++++ Input data ++++
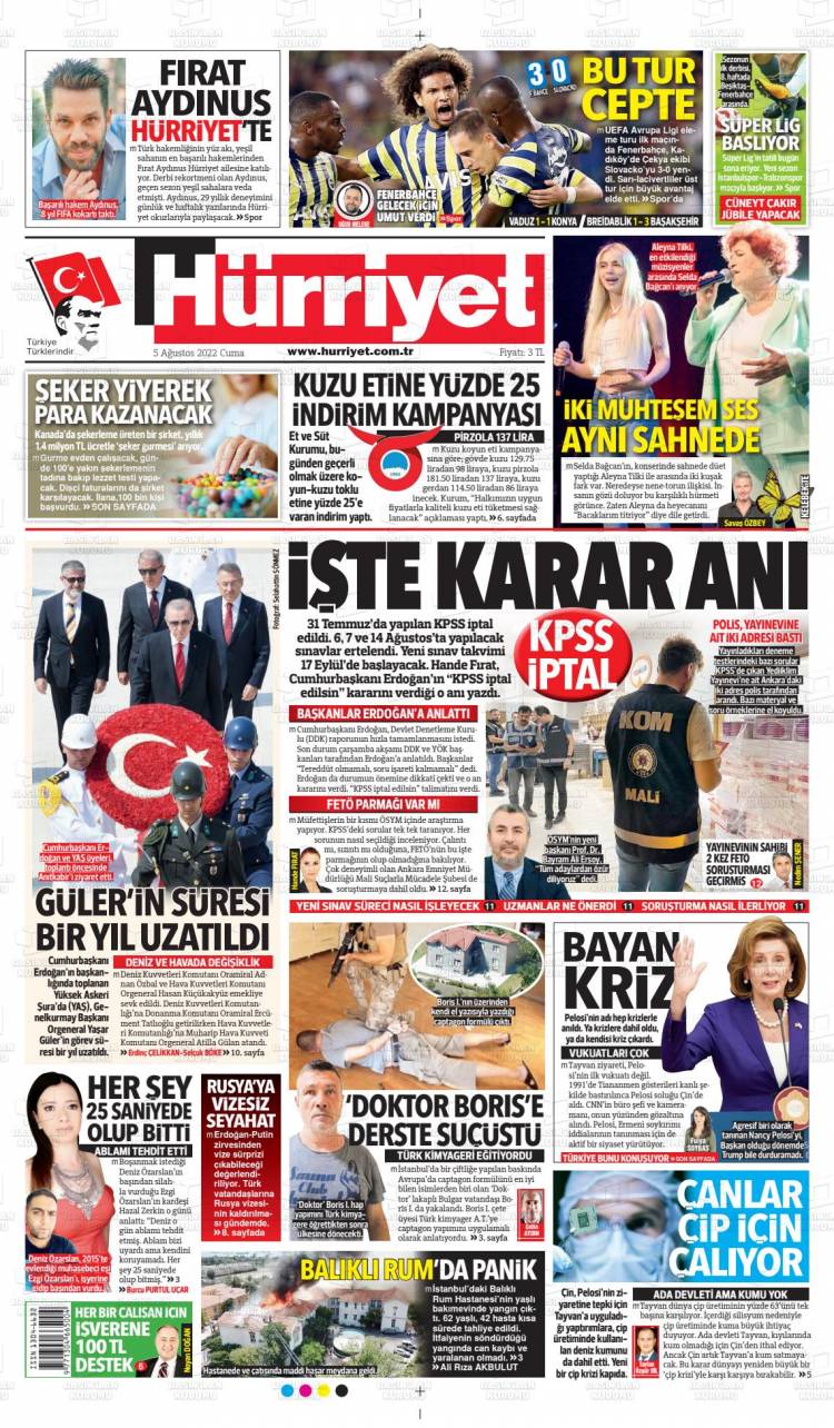 * Günün Ulusal Gazete Manşetleri – 06 08 2022Ulusal Gazetelerin 1. sayfaları Haber Merkezi Yayınlanma: 06.08.2022 - 11:50 Son güncellenme: 28.01.2025 - 10:41 Hürriyet
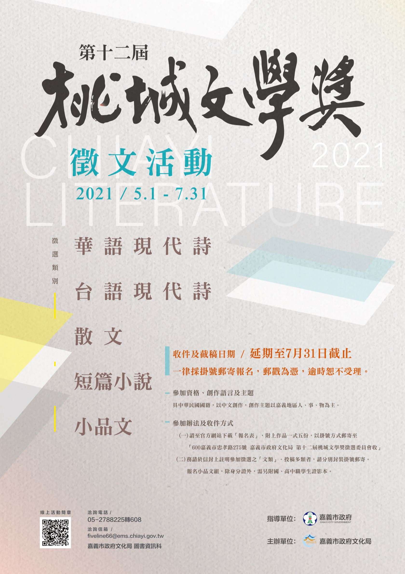 一、因考量新冠肺炎疫情影響,為使參賽者有更充裕的時間書寫創作,本年(110)度徵文活動延長至110年7月31日止。
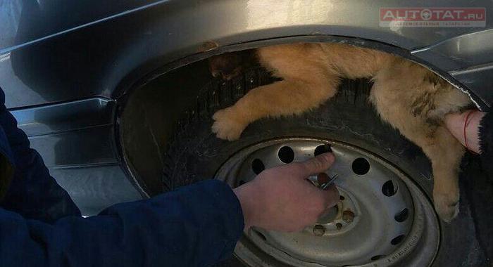 В Нижнекамске случайные очевидцы помогли вытащить щенка, который застрял между колесом и капотом машины. Видимо там он решил погреться. Об этом пишут в соцсетях.
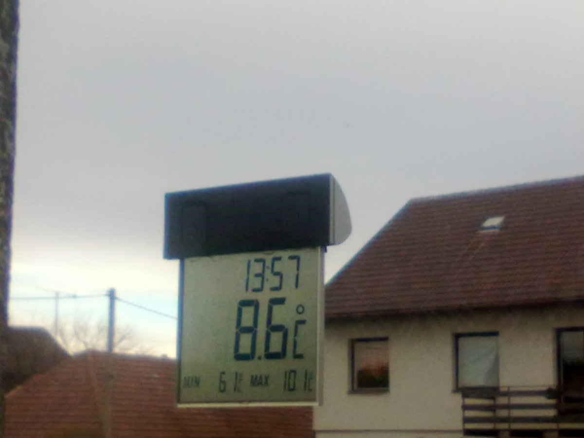 Skoro zataženo, SZ vítr 18 km/h, tlak 1015,4 hPa a vlhkost 78 %.
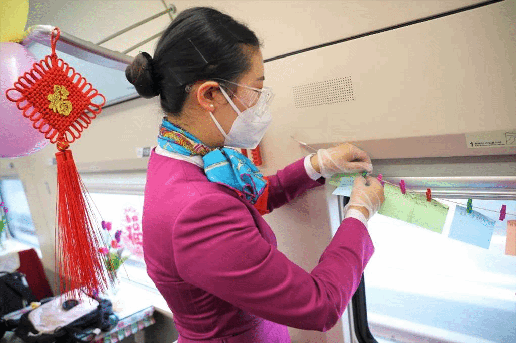 列车上,车厢宽敞明亮,旅客虽多,但并不显得拥挤。餐车车厢中,乘务员已经为春运旅客提前准备好了迎接新年的小纪念品与装饰品。中国结、气球、灯笼、祝福贴纸、虎年玩偶、途经地风景名胜照片等,让人感受到喜庆与欢迎的温暖气氛。
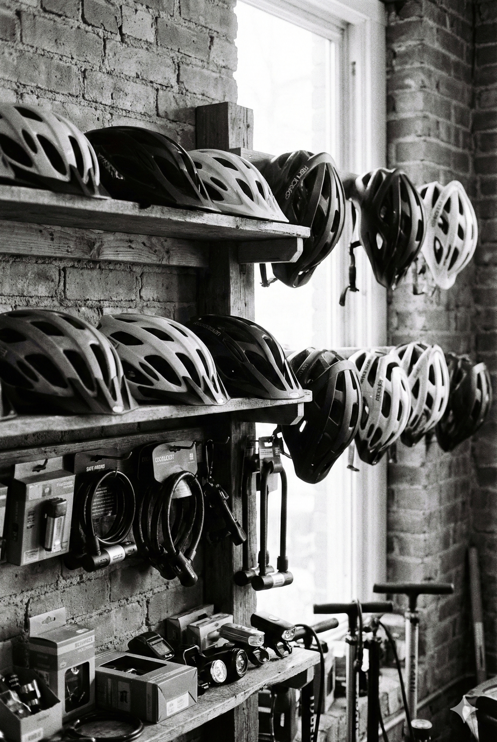 Große Auswahl an Ersatzteilen, Schlössern und Helmen direkt vor Ort.
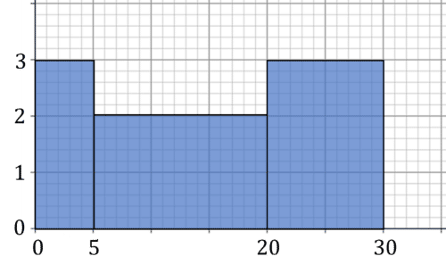 a) A line at 15 would split the second block. To the right of 15 in this block is a width of 5 and a height of 28, for a total of 5\times 28=140 frequency. The third block has a width of 10 and a height of 12, for a total of 10\times 12=120 frequency. Overall, the number of values greater than 15 is 140+120=260
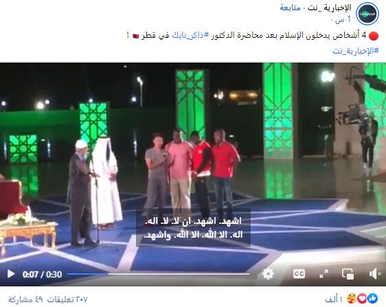 وراج مقطع فيديو على أنّه لاعتناق أربعة أشخاص الإسلام على يد الداعية الإسلامي ذاكر نايك
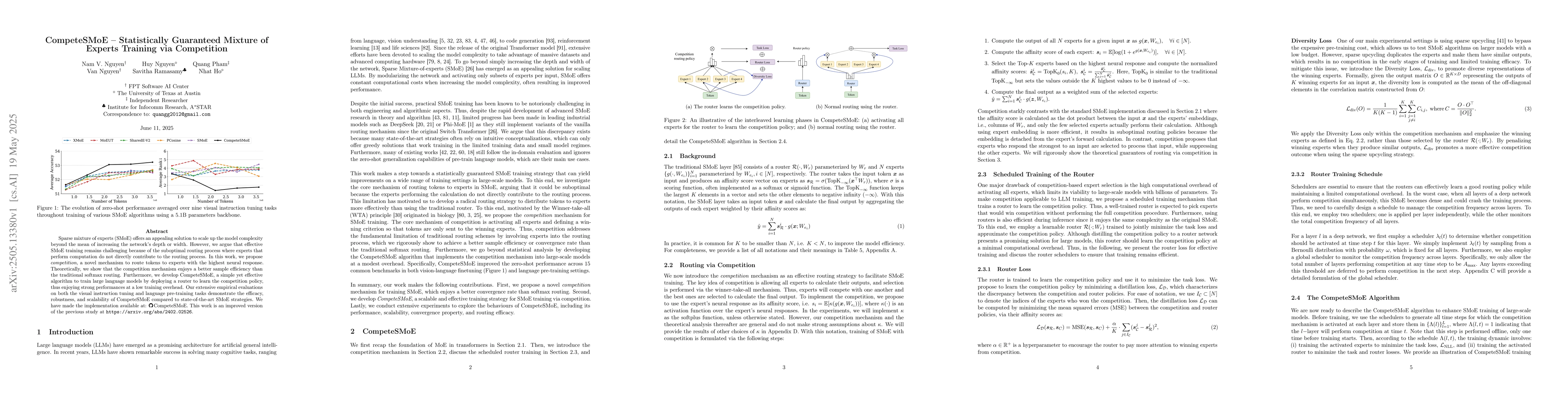 Sparse mixture of experts (SMoE) offers an appealing solution to scale up the model complexity beyond the mean of increasing the network's depth or width. However, we argue that effective SMoE training remains challenging because of the suboptimal routing process where experts that perform computation do not directly contribute to the routing process. In this work, we propose competition, a novel mechanism to route tokens to experts with the highest neural response. Theoretically, we show that the competition mechanism enjoys a better sample efficiency than the traditional softmax routing. Furthermore, we develop CompeteSMoE, a simple yet effective algorithm to train large language models by deploying a router to learn the competition policy, thus enjoying strong performances at a low training overhead. Our extensive empirical evaluations on both the visual instruction tuning and language pre-training tasks demonstrate the efficacy, robustness, and scalability of CompeteSMoE compared to state-of-the-art SMoE strategies. We have made the implementation available at: https://github.com/Fsoft-AIC/CompeteSMoE. This work is an improved version of the previous study at arXiv:2402.02526
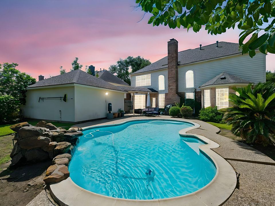 Charming two-story home in a highly sought-after neighborhood. This lovely four-bedroom, three-and-a-half-bath residence features a formal dining room, a study, and a game room. The downstairs area boasts high ceilings, recessed lighting, and crown molding throughout. The master bedroom includes a cozy sitting area with a beautiful view of the sparkling pool. Additionally, you'll find attractive built-ins in both the study and game room, along with gorgeous hardwood floors in the living area. The home also includes a sprinkler system and a water softener for added convenience.
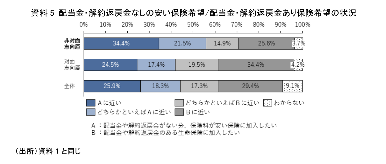 加入先チャネルへ求めることで確認したように、非対面志向層は対面志向層、全体と比べ廉価であることに対する希望が強かった。資料5をみても、配当金・解約返戻金はなくても安い保険を求める割合は、5割を大きく超えており、対面志向層、全体と比べて10%ポイント以上水準が高い。非対面志向層は保険料の安い商品への希望は強いといえる。将来非対面志向層が増大し、非対面での商品加入が増加した際には、現在以上に保険料の値下げへのニーズが強くなっていくことが想定される。
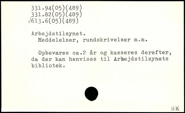 Meddelelser, rundskrivelser num,, Opbevares ca.2 år og kasseres derefter, da der kan henvises til Arbejdstilsynets biblioteko
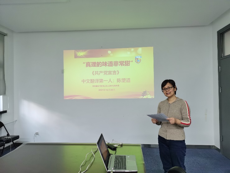 2021年12月30日上午,公司教工党支部开展党支部书记讲党课活动。教工支部书记林薇老师以《“真理的味道非常甜”》为题,讲述了《共产党宣言》中文翻译第一人陈望道先生生平和翻译《共产党宣言》的故事,分享了自己学习陈望道先生一生翻译和学术研究经历的感悟和体会。党总支书记葛冬冬主持党课。
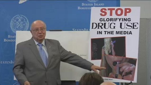 Speaking at yesterday's unveiling of a new anti-substance abuse initiative, Staten Island Borough President James Molinaro took shots at Lady Gaga for allegedly glorifying drug use in the eyes of today's impressionable youth.
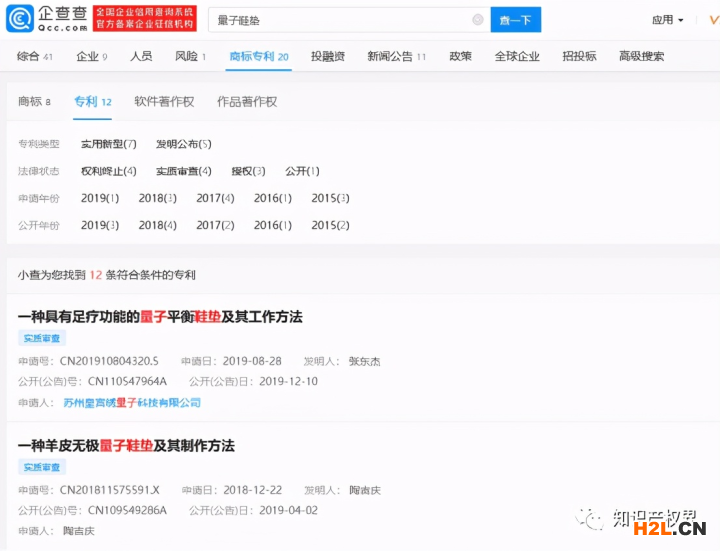 檢索“量子鞋墊”,相關(guān)專利有“一種量子多功能鞋墊”、“一種量子保健鞋墊”、“量子養(yǎng)生鞋墊”、“一種量子光波降血壓鞋墊”等。
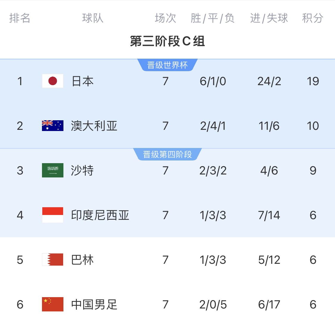 (注:澳大利亞如果戰(zhàn)勝中國,積分13,沙特輸給日本積分9;接下來的兩場哪怕澳洲也輸給日本,末輪只要對(duì)沙特保持不敗即可直通世界杯。在沙特保持第3的情況下,印尼、巴林誰拿分,都會(huì)卡住國足上升爭四的路線)
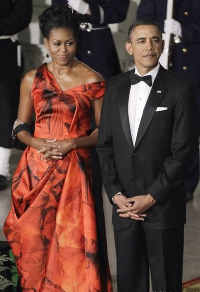 日前,美國第一夫人米歇爾奧巴馬在出席為招待中國國家主席胡錦濤而設立的歡迎國宴上,身著Alexander McQueen 2011的夢幻蠶絲鑲黑色花瓣的紅色禮服。2009總統就職晚會,身著Jason Wu白色雪紡單肩禮服 4.2011年中國國家主席歡迎國宴,身著Alexander McQueen禮服,搭配Kimberly McDonald珠寶。
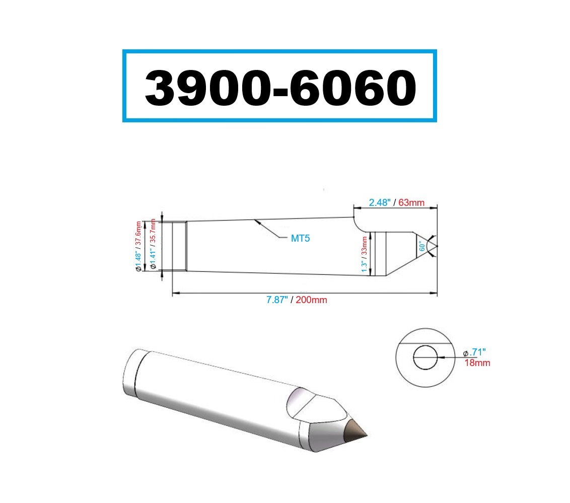 MT5 CARBIDE TIPPED HALF-NOTCHED DEAD CENTER (3900-6060) (SKU: 3900-6060)
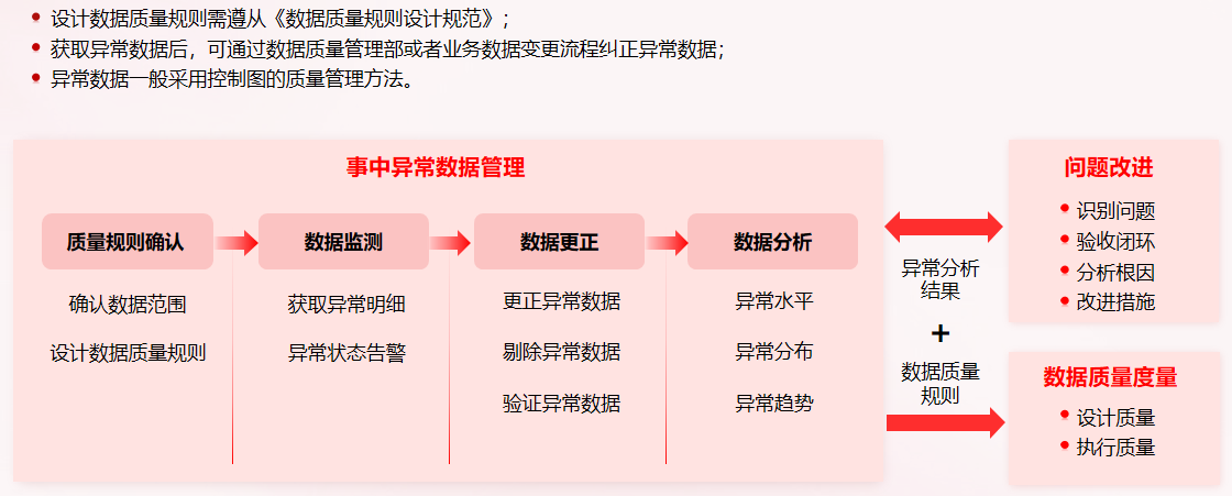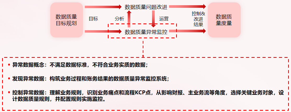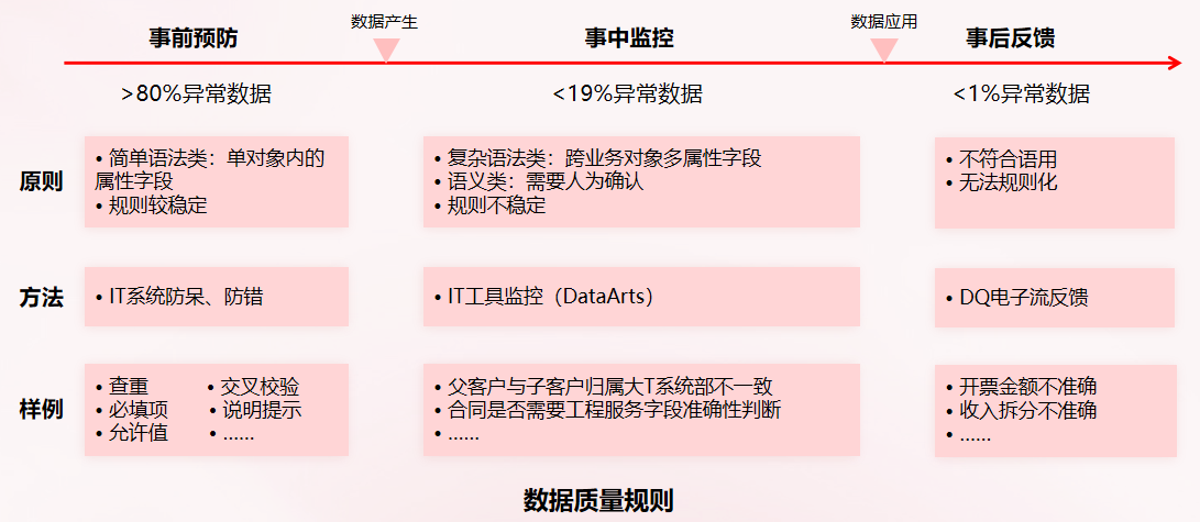基于数据质量规则,建立事前预防、事中监控、事后反馈的异常数据控制三道防线。
++++
**Assigned task:** Only lines belong in the copy: transcribe those from the start of the data through the line that contains "وراج مقطع فيديو", and skip the pictures.

**Expected answer:**
 * Günün Ulusal Gazete Manşetleri – 06 08 2022Ulusal Gazetelerin 1. sayfaları Haber Merkezi Yayınlanma: 06.08.2022 - 11:50 Son güncellenme: 28.01.2025 - 10:41 Hürriyet
 一、因考量新冠肺炎疫情影響,為使參賽者有更充裕的時間書寫創作,本年(110)度徵文活動延長至110年7月31日止。
 В Нижнекамске случайные очевидцы помогли вытащить щенка, который застрял между колесом и капотом машины. Видимо там он решил погреться. Об этом пишут в соцсетях.
 Skoro zataženo, SZ vítr 18 km/h, tlak 1015,4 hPa a vlhkost 78 %.
 列车上,车厢宽敞明亮,旅客虽多,但并不显得拥挤。餐车车厢中,乘务员已经为春运旅客提前准备好了迎接新年的小纪念品与装饰品。中国结、气球、灯笼、祝福贴纸、虎年玩偶、途经地风景名胜照片等,让人感受到喜庆与欢迎的温暖气氛。
 Große Auswahl an Ersatzteilen, Schlössern und Helmen direkt vor Ort.
 a) A line at 15 would split the second block. To the right of 15 in this block is a width of 5 and a height of 28, for a total of 5\times 28=140 frequency. The third block has a width of 10 and a height of 12, for a total of 10\times 12=120 frequency. Overall, the number of values greater than 15 is 140+120=260
 وراج مقطع فيديو على أنّه لاعتناق أربعة أشخاص الإسلام على يد الداعية الإسلامي ذاكر نايك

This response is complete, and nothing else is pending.